The Washington Post has been greatly embarrassed by the fact that its local editor Vernon Loeb was the ghost writer for the David Petraeus biography by Paula Broadwell and admits he was “clueless” about their sexual relationship. The paper is now making up for lost time.
On Thursday, the Post published an article that debunked claims by Petraeus, who was Obama’s CIA director, that he had never given Broadwell classified information. The story by Carol D. Leonnig, Sari Horwitz and Anne Gearan reveals that Petraeus aides and other high-ranking military officials were often tasked by Petraeus and other top commanders to provide sensitive military documents to Broadwell.

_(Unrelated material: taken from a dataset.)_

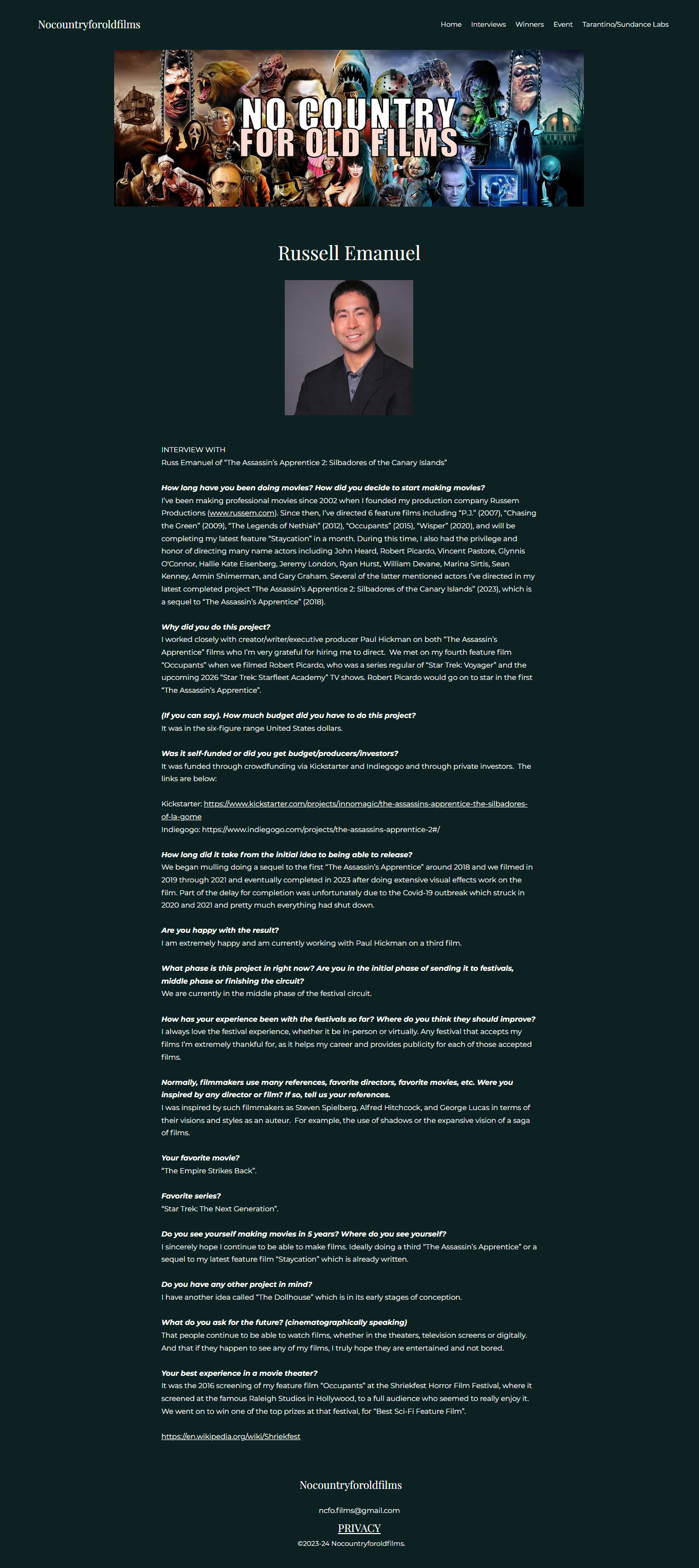 Director Russ Emanuel is interviewed by Dave K. Bise of Science Fiction Studios.

Although some have questioned the basis for the investigation, the Post confirms that the original FBI probe uncovered the fact that Broadwell sent e-mails demonstrating “access to detailed schedules for Petraeus and [General John] Allen, which raised concern about possible national security violations.”
Whether any of this information fell into the hands of America’s enemies remains to be seen.
However, Attorney General Eric Holder seems to have made up his mind. He said on November 15, “We made the determination as we were going through the matter that there was not a threat to national security.”
The day before, Obama declared, “I have no evidence at this point from what I’ve seen that classified information was disclosed that in any way would have had a negative impact on our national security.”
But the Post reports that Broadwell turned over her computer to the FBI in late summer, “and agents discovered that it contained low-level classified material.” This is important because the FBI, at this time, did not inform Congress about the investigation. The Post goes on: “On Nov. 12, the FBI searched her home in Charlotte and carried away additional evidence that she had classified documents, law enforcement officials said.”
Of course, this raid took place after the election, and months after the discovery of sensitive information on Broadwell’s computer had already been made. The raid uncovered even more sensitive documents and the Post later acknowledged that “even low-level classified records typically cannot be kept on someone’s personal computer or in their home.”